TASK TO COMPLETE: Repeat the listing word for word. Leave every picture out.

[Start of section]

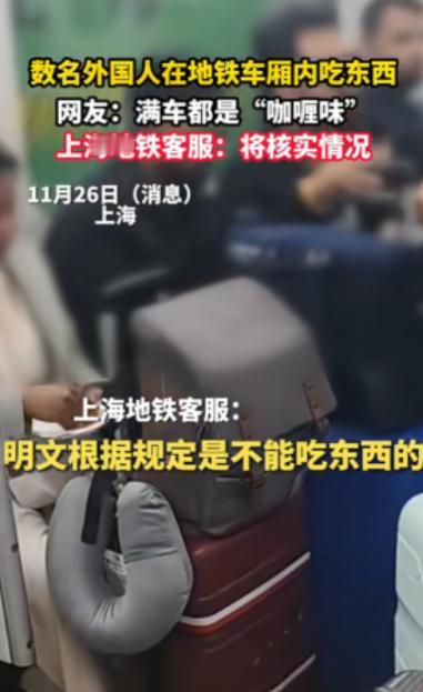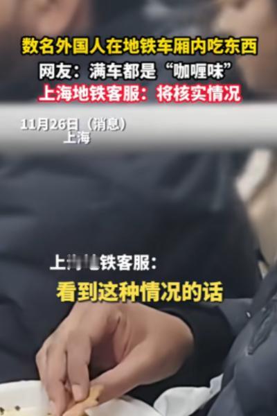 滚回自己的国家!近日,上海,地铁上出现一群外籍人士,他们竟然在车厢内拿着盘子吃起了手抓咖喱饭!周围的空气瞬间弥漫着难闻的味道,旁边的乘客只能捂紧自己的口鼻,不满地看着他们。网友:太没素质了!   近日在上海地铁正是晚高峰的时候,车厢里挤得满满当当,张先生(化名)刚下班,好不容易在人群里找到个能扶的地方,突然一股又刺鼻又油腻的味道飘过来,直冲鼻腔。   他皱着眉抬头找来源,这一看,差点没忍住皱眉,三个外籍年轻人围着一个白色塑料盘,正用手抓着裹满黄咖喱的米饭往嘴里送,盘子旁边堆着好几张沾了油渍的纸巾,其中一个人吃完,还直接用沾着咖喱的手指蹭了蹭裤子,吃得一脸满足。   车厢壁上明明贴着不允许吃任何食物的标识,就在他们头顶不远的地方,可这几个人像是没看见一样。   张先生后来在网上说,当时车厢里的气氛特别尴尬,旁边有个姑娘皱着眉,使劲往窗边靠,尽量离那几个人远一点,还有个抱着孩子的妈妈,怕味道呛着孩子,抱着孩子挤到另一节车厢去了。   更让人揪心的是,其中穿黑色卫衣的青年,抬手的时候没注意,盘子里的咖喱汁差点洒在扶手上,周围好几个人都下意识地缩回手,生怕沾到身上。   有人忍不住咳嗽了两声,其中一名年轻人抬头看了一眼之后,满不在乎的接着低头继续吃,完全没把别人的反应当回事。   很多网友看了之后纷纷评论留言,大部分人都在批评这几个外籍青年,说 “好好的地铁车厢,愣是被当成了餐厅”“自己吃得开心,完全不管别人舒不舒服”。   还有人说,他平时在地铁上连喝水都特别小心,生怕洒出来影响别人,对比之下,这种徒手抓咖喱饭的行为也太不尊重人了。   后来上海地铁客服也回应了这事,明确说车厢里一律禁止饮食,这么规定就是为了保障大家的乘车体验,要是遇到类似情况,乘客可以及时跟车站工作人员说,或者打热线电话,他们会核实处理。   其实仔细想想,不管是本地人还是外国人,在这样的公共区域都得考虑别人的感受,地铁是大家共用的交通工具,一个人的不注意,可能会让一车厢的人都不舒服。 对此,你还有什么看法呢?  (信息来源 :潇湘晨报.晨视频 )
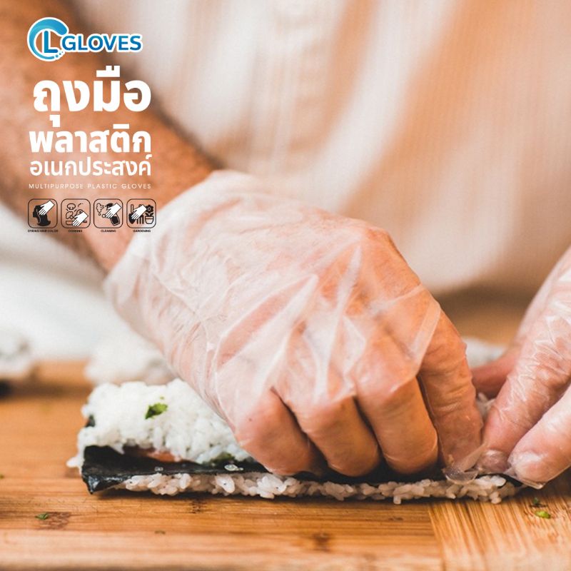 (แบบกล่อง) ถุงมือพลาสติก แบบใช้แล้วทิ้ง 1 กล่อง 200 ชิ้น ถุงมือพลาสติกใส สำหรับทำอาหาร
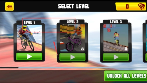 1、点击屏幕中央醒目的START按钮,伴随着动感的音效,您将正式开启这段充满速度与激情的自行车冒险之旅。
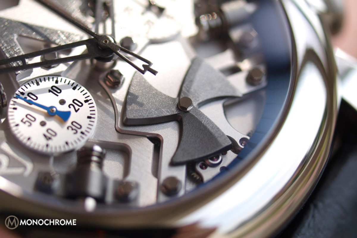 The seconds are registered by the centrally mounted hand, which is satin-brushed. The downside to this finishing is that the hand blends at bit too much into the other ruthenium coated parts that make up the dial.
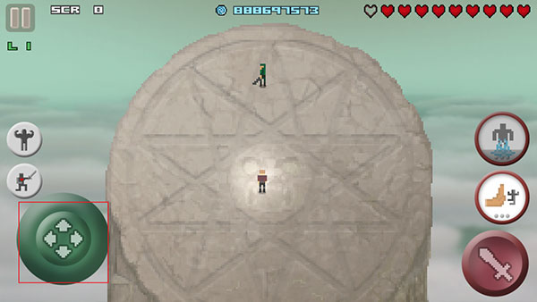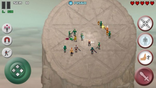 2、操作嘛,左手边那个虚拟摇杆,控制你的人物满场跑。右手就负责挥你那把大剑砍人,或者干脆把敌人直接推下台子,简单粗暴。
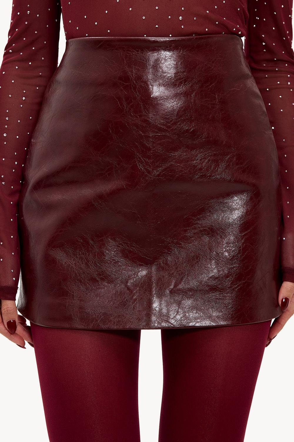 Deze bordeaux leather-look mini skirt heeft een luxe high-waisted fit die perfect de shape accentueert. Het glanzende PU materiaal geeft een edgy twist aan je outfit en zorgt voor een statement look. De strakke pasvorm creëert een chique uitstraling die ideaal is voor een girls night out. Style deze rok met een crop top en hoge laarzen voor een complete bordeaux look.
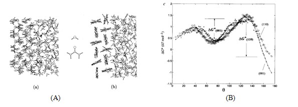 图3. (A)分子动学计算机模拟尿素晶体(001)与(110)固液界面结构。(B)通过对尿素晶体在不同界面的不同取向分布,取得分子在界面上,进入晶体取需跨越的势垒。(C) (a)由我们模型预测的尿素晶体生长习性; (b)由传统PBC理论预测的习性。(D)从水溶液中生长出的尿素晶体的习性。与(C)(a)所示完全一致。
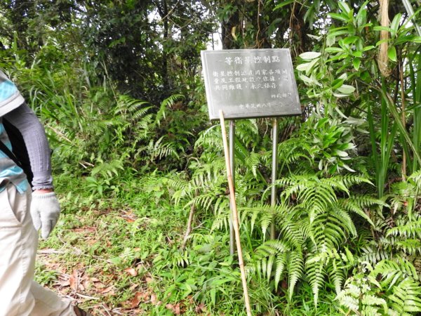 10:44 連領隊共8員山友抵枕頭山山頂(枕頭山舊名「角板山」,海拔標高631公尺,有一顆No.4185三等三角點基石)
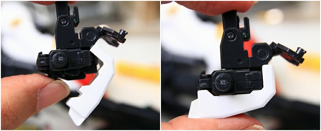 さきほど足スネフェアリングBで説明しましたが、足甲の白パーツは可動します。
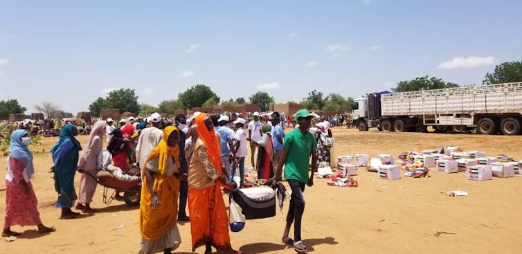 En six semaines de conflit, en date du 19 juin 2023, le Haut-Commissariat des Nations unies pour les Réfugiés (HCR) avait dénombré 115 980 personnes déplacées, majoritairement des femmes et des enfants. À cette date, le nombre de réfugiés estimés par l’organisation dépassait les 150 000. La porosité de la frontière complique la tâche des différents acteurs de l’humanitaire, confrontés aux difficultés liées à la saison des pluies, qui risquent d’épuiser les moyens de subsistance des populations.
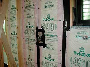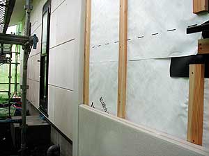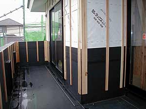![]() 外壁には軽量気泡コンクリート製のパワーボードを張り込みます。透湿防水シートと外壁間との通気層は18mmを確保します。 |
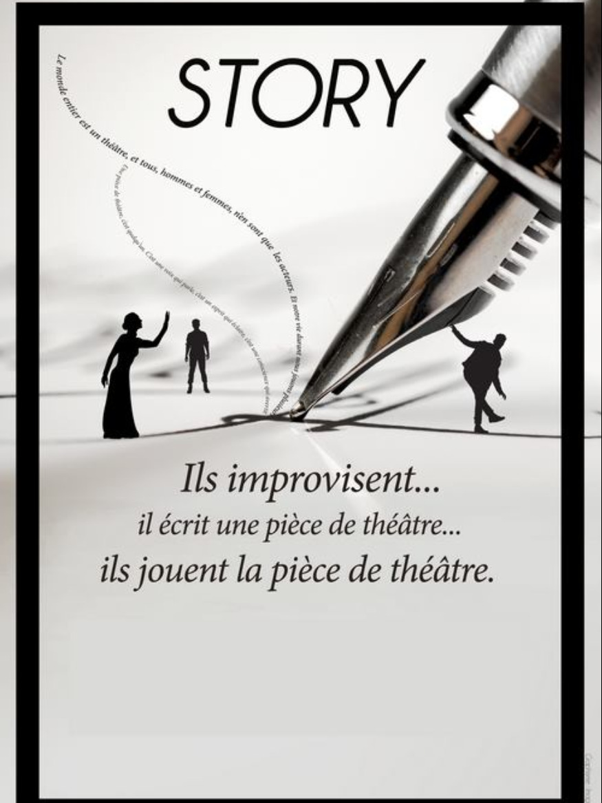 Story vous propose d'assister à la création d'une pièce de théâtre, de son écriture à sa représentation finale. A partir de plusieurs improvisations jouées par des comédiens, un Maître d'écriture sélectionne plusieurs éléments de ces improvisations pour écrire en direct la trame d'une pièce de théâtre qui sera ensuite jouée par les comédiens et les comédiennes (dialogues improvisés).
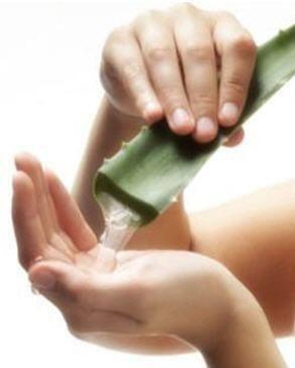 2. Get your aloe Vera 'peeled' off from one side. Scrape off the sticky salve-gel and place in bottle of conditioner. Until you have at least 1/4- 1/3 cup of aloe vera salve in the bottle)
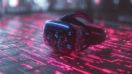 VR headset on futuristic circuitry background. Concept Technology, innovation

[End of section]

ANSWER BOX:
 滚回自己的国家!近日,上海,地铁上出现一群外籍人士,他们竟然在车厢内拿着盘子吃起了手抓咖喱饭!周围的空气瞬间弥漫着难闻的味道,旁边的乘客只能捂紧自己的口鼻,不满地看着他们。网友:太没素质了!   近日在上海地铁正是晚高峰的时候,车厢里挤得满满当当,张先生(化名)刚下班,好不容易在人群里找到个能扶的地方,突然一股又刺鼻又油腻的味道飘过来,直冲鼻腔。   他皱着眉抬头找来源,这一看,差点没忍住皱眉,三个外籍年轻人围着一个白色塑料盘,正用手抓着裹满黄咖喱的米饭往嘴里送,盘子旁边堆着好几张沾了油渍的纸巾,其中一个人吃完,还直接用沾着咖喱的手指蹭了蹭裤子,吃得一脸满足。   车厢壁上明明贴着不允许吃任何食物的标识,就在他们头顶不远的地方,可这几个人像是没看见一样。   张先生后来在网上说,当时车厢里的气氛特别尴尬,旁边有个姑娘皱着眉,使劲往窗边靠,尽量离那几个人远一点,还有个抱着孩子的妈妈,怕味道呛着孩子,抱着孩子挤到另一节车厢去了。   更让人揪心的是,其中穿黑色卫衣的青年,抬手的时候没注意,盘子里的咖喱汁差点洒在扶手上,周围好几个人都下意识地缩回手,生怕沾到身上。   有人忍不住咳嗽了两声,其中一名年轻人抬头看了一眼之后,满不在乎的接着低头继续吃,完全没把别人的反应当回事。   很多网友看了之后纷纷评论留言,大部分人都在批评这几个外籍青年,说 “好好的地铁车厢,愣是被当成了餐厅”“自己吃得开心,完全不管别人舒不舒服”。   还有人说,他平时在地铁上连喝水都特别小心,生怕洒出来影响别人,对比之下,这种徒手抓咖喱饭的行为也太不尊重人了。   后来上海地铁客服也回应了这事,明确说车厢里一律禁止饮食,这么规定就是为了保障大家的乘车体验,要是遇到类似情况,乘客可以及时跟车站工作人员说,或者打热线电话,他们会核实处理。   其实仔细想想,不管是本地人还是外国人,在这样的公共区域都得考虑别人的感受,地铁是大家共用的交通工具,一个人的不注意,可能会让一车厢的人都不舒服。 对此,你还有什么看法呢?  (信息来源 :潇湘晨报.晨视频 )
 (แบบกล่อง) ถุงมือพลาสติก แบบใช้แล้วทิ้ง 1 กล่อง 200 ชิ้น ถุงมือพลาสติกใส สำหรับทำอาหาร
 1、点击屏幕中央醒目的START按钮,伴随着动感的音效,您将正式开启这段充满速度与激情的自行车冒险之旅。
 The seconds are registered by the centrally mounted hand, which is satin-brushed. The downside to this finishing is that the hand blends at bit too much into the other ruthenium coated parts that make up the dial.
 2、操作嘛,左手边那个虚拟摇杆,控制你的人物满场跑。右手就负责挥你那把大剑砍人,或者干脆把敌人直接推下台子,简单粗暴。
 Deze bordeaux leather-look mini skirt heeft een luxe high-waisted fit die perfect de shape accentueert. Het glanzende PU materiaal geeft een edgy twist aan je outfit en zorgt voor een statement look. De strakke pasvorm creëert een chique uitstraling die ideaal is voor een girls night out. Style deze rok met een crop top en hoge laarzen voor een complete bordeaux look.
 图3. (A)分子动学计算机模拟尿素晶体(001)与(110)固液界面结构。(B)通过对尿素晶体在不同界面的不同取向分布,取得分子在界面上,进入晶体取需跨越的势垒。(C) (a)由我们模型预测的尿素晶体生长习性; (b)由传统PBC理论预测的习性。(D)从水溶液中生长出的尿素晶体的习性。与(C)(a)所示完全一致。
 10:44 連領隊共8員山友抵枕頭山山頂(枕頭山舊名「角板山」,海拔標高631公尺,有一顆No.4185三等三角點基石)
 さきほど足スネフェアリングBで説明しましたが、足甲の白パーツは可動します。
 En six semaines de conflit, en date du 19 juin 2023, le Haut-Commissariat des Nations unies pour les Réfugiés (HCR) avait dénombré 115 980 personnes déplacées, majoritairement des femmes et des enfants. À cette date, le nombre de réfugiés estimés par l’organisation dépassait les 150 000. La porosité de la frontière complique la tâche des différents acteurs de l’humanitaire, confrontés aux difficultés liées à la saison des pluies, qui risquent d’épuiser les moyens de subsistance des populations.
![]() 外壁には軽量気泡コンクリート製のパワーボードを張り込みます。透湿防水シートと外壁間との通気層は18mmを確保します。 |
 Story vous propose d'assister à la création d'une pièce de théâtre, de son écriture à sa représentation finale. A partir de plusieurs improvisations jouées par des comédiens, un Maître d'écriture sélectionne plusieurs éléments de ces improvisations pour écrire en direct la trame d'une pièce de théâtre qui sera ensuite jouée par les comédiens et les comédiennes (dialogues improvisés).
 2. Get your aloe Vera 'peeled' off from one side. Scrape off the sticky salve-gel and place in bottle of conditioner. Until you have at least 1/4- 1/3 cup of aloe vera salve in the bottle)
 VR headset on futuristic circuitry background. Concept Technology, innovation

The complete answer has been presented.